In 1955, he fought in the Battle of Yijiangshan Islands, the first battle in PRC history that involved the army, navy, and air force. He was awarded the rank of air force colonel in the same year, and was promoted to senior colonel in 1960 and major general in 1964.

Ma served as Commander of the 21st Air Force Division in Shanghai until 1967, when he transferred to Changchun in the Shenyang Military Region. During the Cultural Revolution, he served as a Standing Committee member of the Revolutionary Committee of Jilin province in 1968, and later Deputy Commander of the Lanzhou Military Region Air Force.

== Air Force Commander ==
After the Lin Biao incident in September 1971, the PLAAF commander Wu Faxian was implicated and imprisoned. The air force had no commander for almost two years, with General Li Desheng temporarily supervising the force. Although a relatively junior officer, Ma was appointed Commander of the PLAAF in 1973. Several more senior air force officers were passed over for the post because they were suspected of being followers of Lin Biao, whereas Ma had never served in the PLAAF headquarters, Lin's power base. Ma was the first pilot to become a PLAAF commander.

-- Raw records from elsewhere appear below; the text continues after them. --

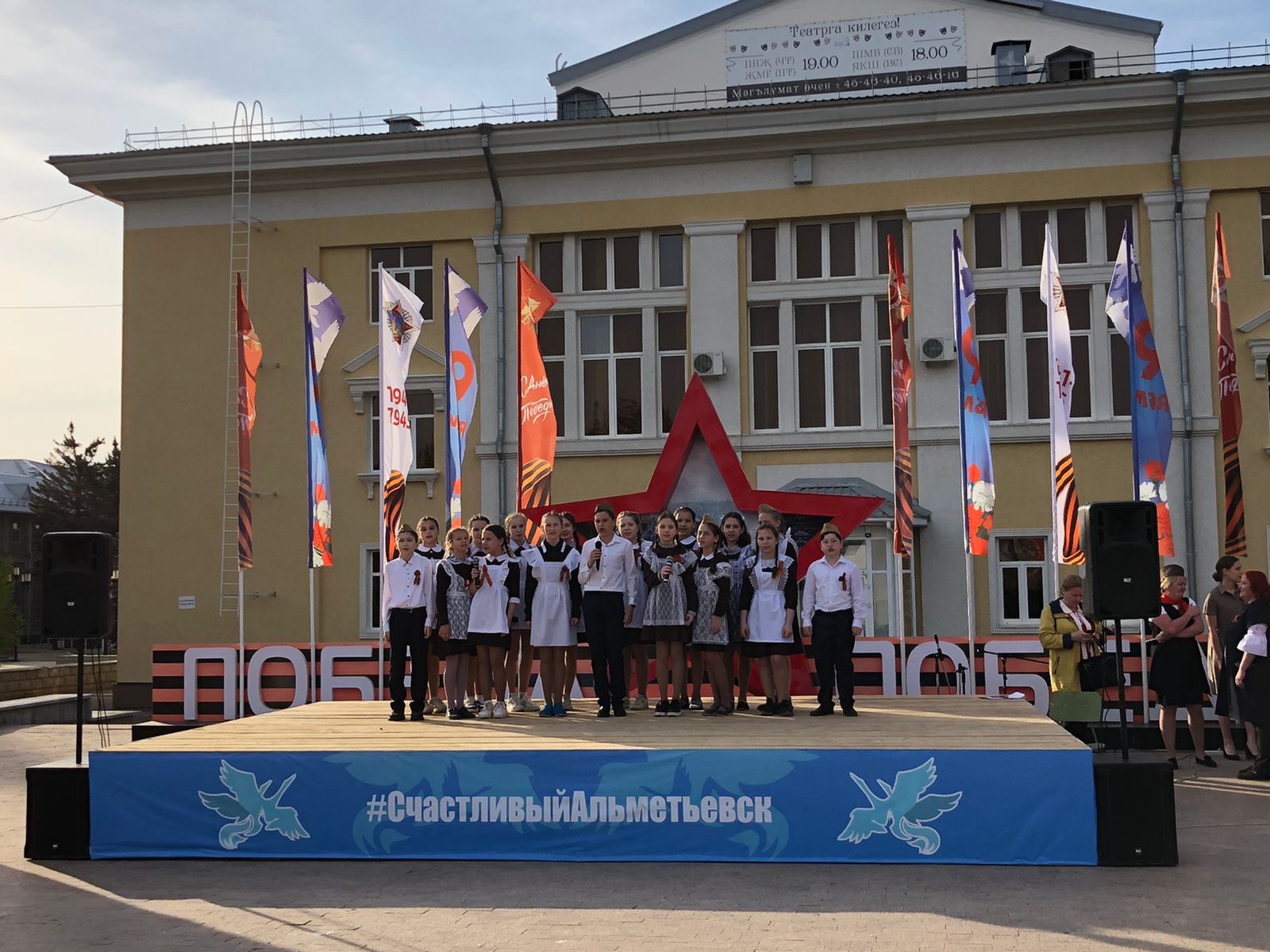 Время постоянно движется вперёд, а позади остаются значимые события как для каждого из нас, так и для народов. Есть такие праздники, о которых нельзя забывать, о них просто необходимо помнить, достойно отмечать и передавать будущим поколениям. Таким событием для МБОУ СОШ № 13 является День Победы в Великой Отечественной Войне. В этом году вся страна отмечает 77– летие Великой Победы. Эта дата наполнена особым смыслом. Это – священная память о погибших на полях сражений. Это – наша история, наша боль, наша надежда… Этому великому событию были посвящены многие праздничные мероприятия, прошедшие в городе 9 мая. И во многих из них приняли участие и наши школьники с 1 по 9 классы. Песни военных лет, песни о России в исполнении классов, а так же чтение стихов в исполнении учеников школы завораживали зрителей, будто перенося их в то страшное, но значимое в истории время. Выступления учеников вызвали бурю эмоций и оставил глубокое впечатление в сердце каждого из зрителей.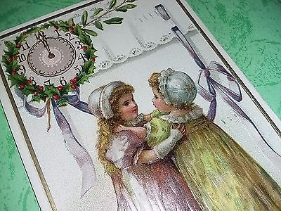 ANTIQUE OLD holiday NEW YEAR Postcard Children Little Girls CLOCK - RAPHAEL TUCK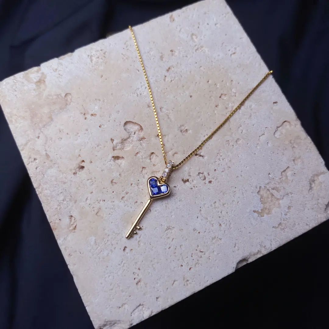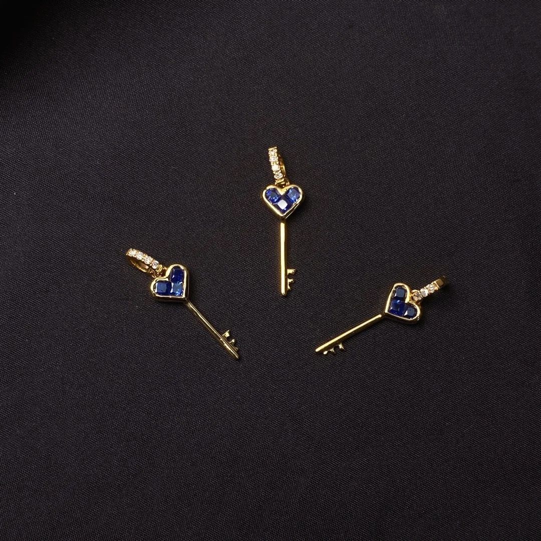 18k 金藍寶石鑽石鑲嵌 愛心吊墜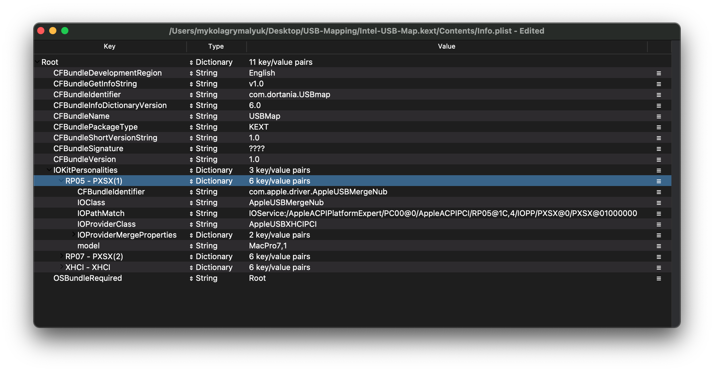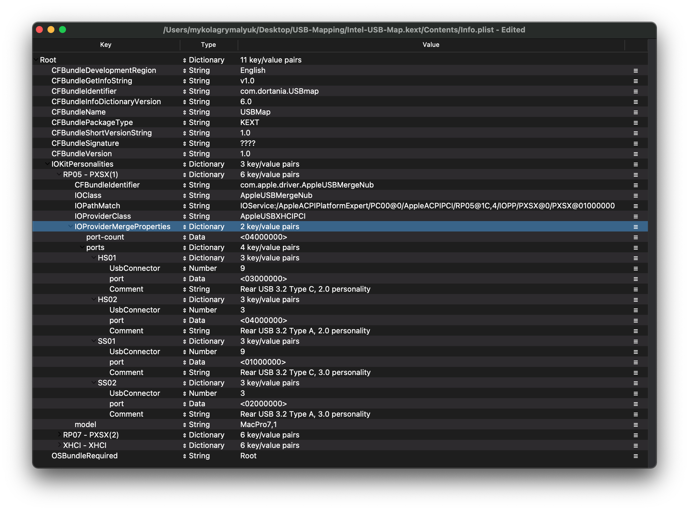 Finding IOProviderClass is also easy, select the Root-hub once again and look for the CFBundleIdentifier value: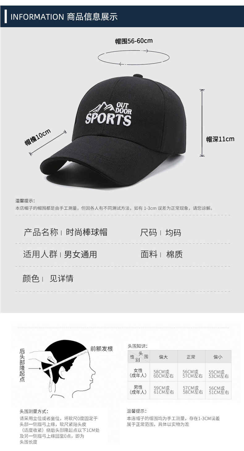 帽子刺绣棒球帽女春秋夏季鸭舌帽男户外旅游运动防晒帽遮阳鸭舌帽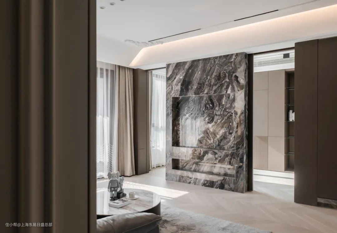 解释过隐形床之后,其优势就显而易见了,平时我们可以将其收纳在柜体中,不会占用过多的空间,这样不仅视觉上更加通透敞亮,还能够与预留出足够的空间做休闲或者办公使用。

Ma's rapid rise to top leadership of the air force coincided with a period of radical influence of the Gang of Four, and he likely supported the radicals. When the Gang of Four was overthrown in 1976 at the end of the Cultural Revolution, Ma was promptly relieved of his command, and formally replaced by Zhang Tingfa in the spring of 1977. However, he was not purged from the Chinese Communist Party, and was allowed to retire in 1984 with the rank of a deputy corps commander.

Ma died in Beijing on 3 December 2010, aged 88.